FINDINGS OF FACT AND CONCLUSIONS OF LAW

PECKHAM, Chief Judge.

BACKGROUND

This action involves a dispute about the appropriate education for Andrew Adams. Andy is a fifth-grade student who resides within the geographical boundaries of the Napa Valley Unified School District (“NVUSD” or “District”). He is nearly twelve years old, and was enrolled in District schools for six years. During that time, he repeated Kindergarten and third grade. He was identified at the end of the second grade as an individual with exceptional needs entitled to special education and related services under federal and state law. Andy is of average intelligence, but has a learning disability, specifically identified as “specific language disability,” but more commonly referred to as dyslexia.

During his two years in the third grade, Andy was enrolled in a regular class, and had an “individualized education program” (“IEP”) that called for daily contact with a resource specialist. From September 1982 through March 1984, he was pulled out of his regular class for up to sixty minutes a day to work with the resource specialist or an aide. In March 1984, pursuant to his mother’s request for more intense services, he began to work with the resource special *861 ist or aide for up to ninety minutes each day.

In Spring 1984, the parties met to discuss Andy’s placement for the 1984-85 school year.

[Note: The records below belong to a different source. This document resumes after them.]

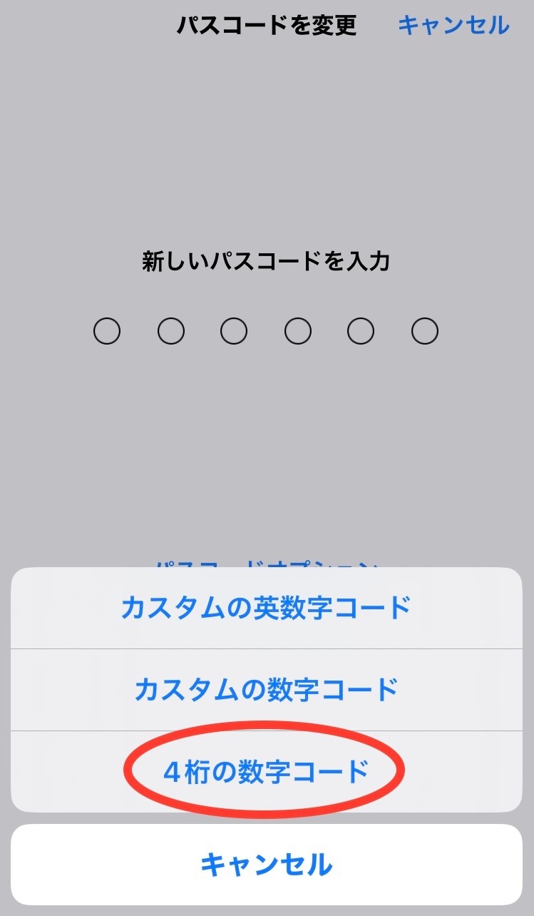 iPhoneのパスコードを4桁に変更できません。
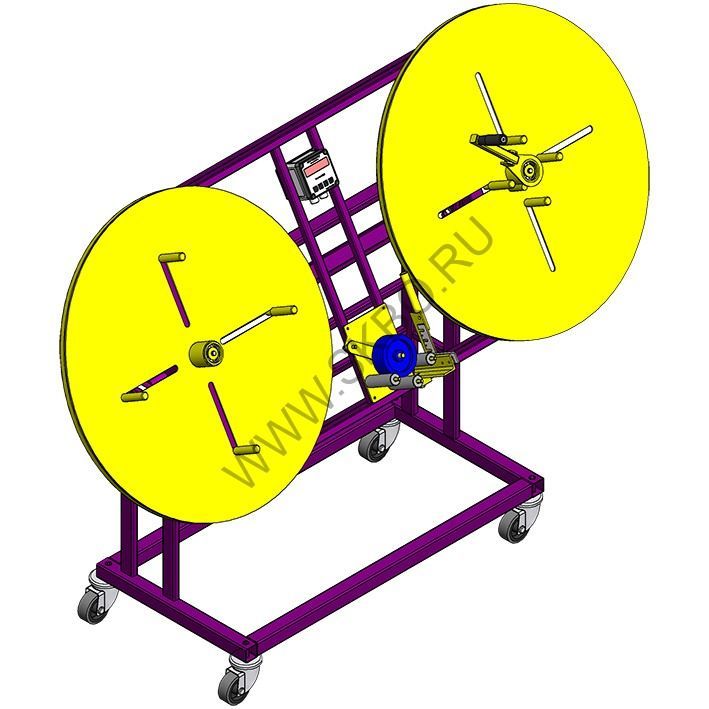 Конструктивно устройство представляет собой станок для перемотки мебельной кромки МПМК 0,8Н, смонтированный на подвижной или стационарной раме с вращающейся платформой.
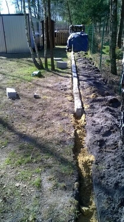 Trochę z innej beczki Dzisiaj korzystając z pięknej pogody postanowiłem wziąć się za realizację na działce jednego z wiosennych projektów ;D Umyślałem sobie żeby od strony północnej, wzdłuż ogrodzenia posadzić rząd tui a żeby było estetyczniej krzaczki będą oddzielone krawężnikami Dzisiaj rano przyjechały do mnie 2 palety granitowych oporników ;D Są śliczne od dawna miałem na nie smaka ;D ale cena była zaporowa :/ 11/12 zł. za sztukę krawężnika o długości 40cm... trochę drogo Jednak udało mi się zdobyć te krawężniki w cenie 6,30zł za sztukę ;D + transport Od 10 rano do 19.30 ciągłej pracy i krawężniki wkopane ;D Poniżej prezentuje efekty z pracy Jak wam się podoba efekt ?? I mam pytanie dla tych którzy znają się na tujach Na fotce nr 1 i 4 widać jak cień pada na obszar gdzie będą sadzone te drzewka. Jak już mówiłem jest to północna część działki. Wiem że tuje lubią słońce ewentualnie półcień a co sądzicie o tej pozycji ? czy drzewka dadzą sobie rade w takim cieniu ??

In response to Susan Adam’s request that her son be offered a non-public placement, the District suggested that she visit some of the special day classes within the district. The District also agreed to send district personnel to the Charles Armstrong School, a school that Mrs. Adams believed would provide her son with an appropriate education. Plaintiff visited Alta Heights School and later visited El Centro School. District personnel visited the Charles Armstrong School. By June 12, 1984, the parties had not resolved the issue of Andy’s placement.

On June 20, 1985, Susan Adams unilaterally enrolled Andy in the Charles Armstrong School. She did not attend a meeting scheduled with district personnel on that day. On September 18, 1985, Mrs. Adams filed for a due process hearing, and mediation between the parties began.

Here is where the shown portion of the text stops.